When someone introduced me to sparkling water with fruit essence, I was suspicious at first, but it has turned out to be a fairly convincing decoy.  Water, CO2 and fruit essence.  No calories and no artificial sweeteners.  When chilled, it almost tastes like soda, and if it goes flat, it's just slightly flavored water, and there's nothing wrong with that.

Other caffeinated and sugar-laden vices lurk in the shadows, however.  The grande mocha frappuccino with whipped cream is a not uncommon indulgence, and I have developed something of a taste for hazelnut coffee with a dash of Jameson's and a swirl of whipped cream.  Between those two items and driving past what looks to be a lovely new little coffee house in town yesterday morning I got to thinking about the possibilities of decaffeinated coffee.  After doing some research into taste and method, I decided that part of my small financial windfall would fund an experiment in decaffeinated hazelnut coffee (giving me the opportunity to use the long neglected French press coffee pot in my possession).

Off I went to the grocery store with thoughts of coming home with coffee and a gallon of milk (and possibly a dvd or two from the rental shop next to the grocery store).

At this point, the trouble started.  I was hungry, and I had no shopping list to stick to.  I definitely came home with coffee (three different kinds even though only two were decaffeinated) and a gallon of milk, but it seemed that everywhere I looked, there were tempting things which made my stomach grumble, so I soon had a shopping basket laden with two everything bagels, crusty Italian bread, a medley of olives (why just Kalamata, I thought, when I could try all of these others), a few mozzarella balls, a bag of Sun chips, raw almonds, frozen chicken strips and crinkly fries, toasted ravioli (which turned out to be quite tasty despite coming from the freezer section, a small jar of black olive tapenade (which I have wanted to try but never got around to), and a rather expensive wedge of cheese.

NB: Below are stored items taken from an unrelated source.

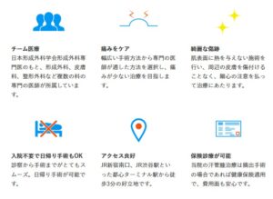 - 臨床実績(2024年時点) 皮膚腫瘍・皮膚外科手術:30,000件以上、腋臭症治療:2,000件以上、酒さ・赤ら顔治療:1,000件以上
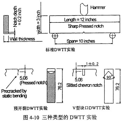 實驗證實,對有上臺能的控軋鋼進行的實驗中,標準DWTT實驗比夏比沖擊實驗在評價延性裂紋擴展行為上有更好的對應關系。但對于高韌性的淬火回火鋼,標準DWTT試樣由于在起裂過程中吸收了大量的功,致使裂紋擴展的應變速度過低而與真實擴展狀況不符。采用靜態(tài)預制裂紋DWTT試樣或雙試樣DWTT法是解決這一問題的兩種方案,如圖4-10所示。
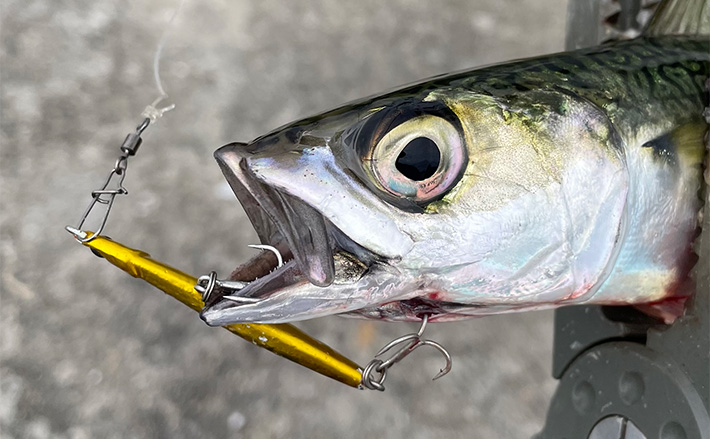 それが、最後の最後に何が起こるかわからないものである。ボトムに着底、ジャーキング、フォールを繰り返していた釣りで、距離的にラストのジャーキングとなった1回で、サバがヒットした。
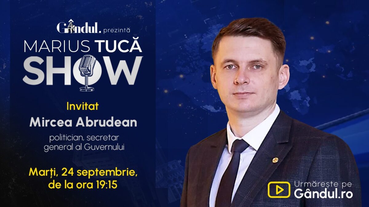 Marius Tucă Show începe marți, 24 septembrie, de la ora 19.15, live pe Gândul. Invitat: Mircea Abrudean
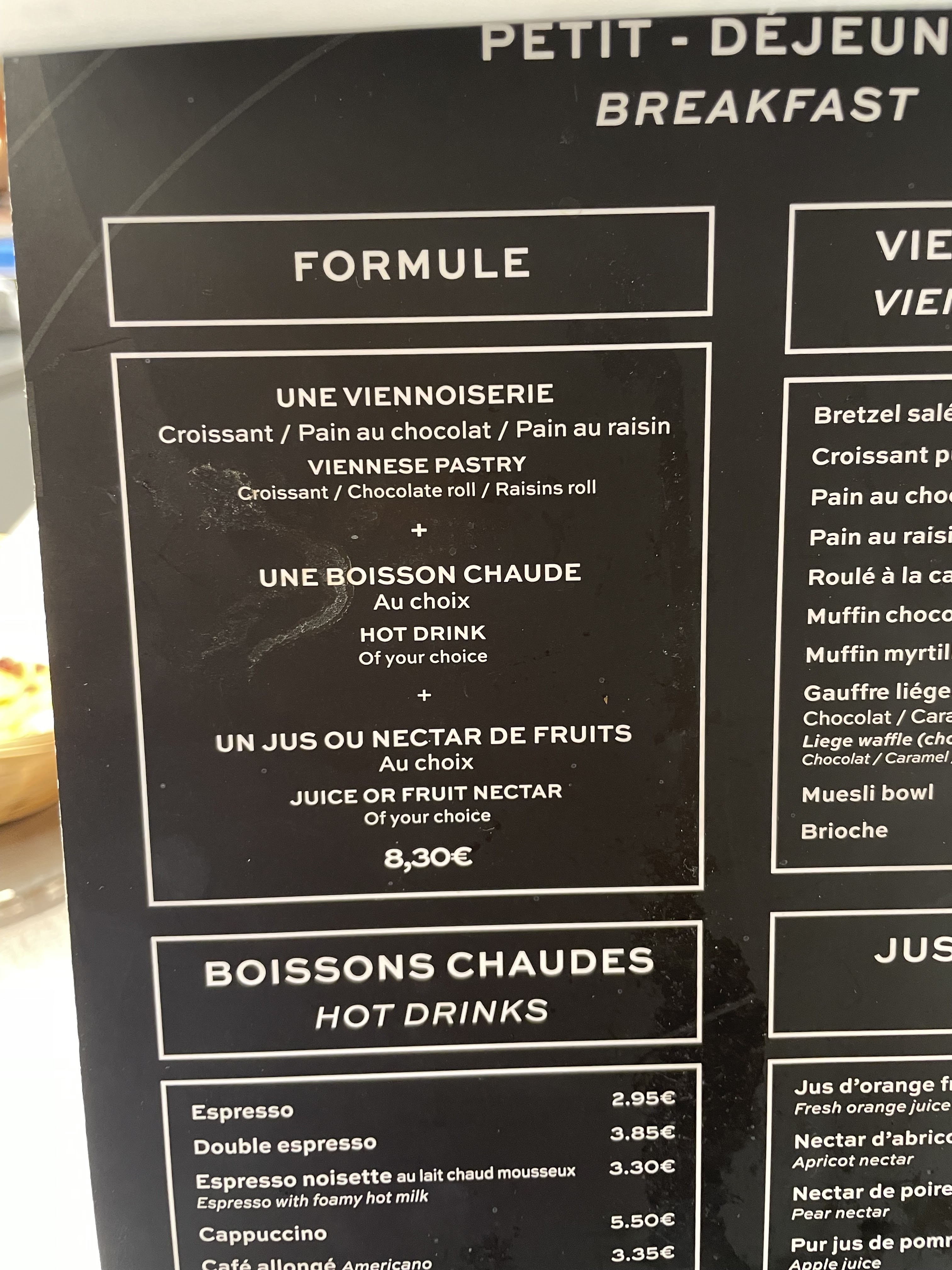 Il est 8h45, il n'y a plus de formule petit déjeuner car plus de jus de fruits.... Pas de formule , j'ai plus de jus d'un ton sec, agacé, comme si on pouvait le deviner....La serveuse (Sandrine) a oublié son amabilité chez elle : pas un sourire, mal-aimable... Les seuls sourires : uniquement avec son collègue....

This wedge of cheese can be blamed for the purchase of the olive medley and the tapenade because the sign claimed that the cheese flavor would be complemented with olives.  (The sign turned out to be quite right.  A bit of cheese on a dab of tapenade on a hunk of crusty Italian bread is a grand and glorious thing indeed.)

I'm usually a mild or medium cheddar sort of a girl, with mozzarella (especially if fresh), occasionally Swiss, muenster, Havarti and Brie, and a nice blend of the harder cheeses like Parmesan, Asiago and Romano thrown in for good measure.  (Please excuse the seemingly random capitalization if it is incorrect.  I decided to trust this program's spell checker.)  Lately, however, what with the more cooking and reading about food -- especially food in France where they make all sorts of wonderful cheese and even have shops devoted entirely to the sale of cheese, which I imagine to be expanded versions of the cheese counter at the small Italian I remember frequently as a child with my mother -- I have felt the inclination to broaden my horizons, and decided that this was the opportunity to do so.  As a result, I decided to try Manchego, a Spanish cheese which is somewhat crumbly and has a tang similar to Asiago, though perhaps a bit sharper.  Delicious!

Meanwhile, I am so taken with the black olive tapenade that I am inclined to try to make my own.  But not today.  Today I am making creamy leek potato soup with crispy leek rings to ward off the spring chill.

As a somewhat related aside, while I do love to cook, one distinct challenge I have found is dealing with the cravings.  I don't just get hungry; I crave.  Sometimes it is a particular taste -- salty, sweet, chocolatey -- and sometimes it is a particular food or dish -- lasagna, hummus, potato chips, fried rice, potato leek soup.  When a craving for ravioli kicks in, I certainly could make them myself, but it is so tantalizingly easy to just pick up a package at the grocery store which is two minutes away from the house, especially now that more gourmet fresh varieties are as easy to come by as frozen standards and taste so much better.

Since I know that what I make usually tastes better than what I buy in the store (and I am a lot more aware of what is in it), the trick becomes finding those extra hours in the day for cooking and sensible grocery shopping.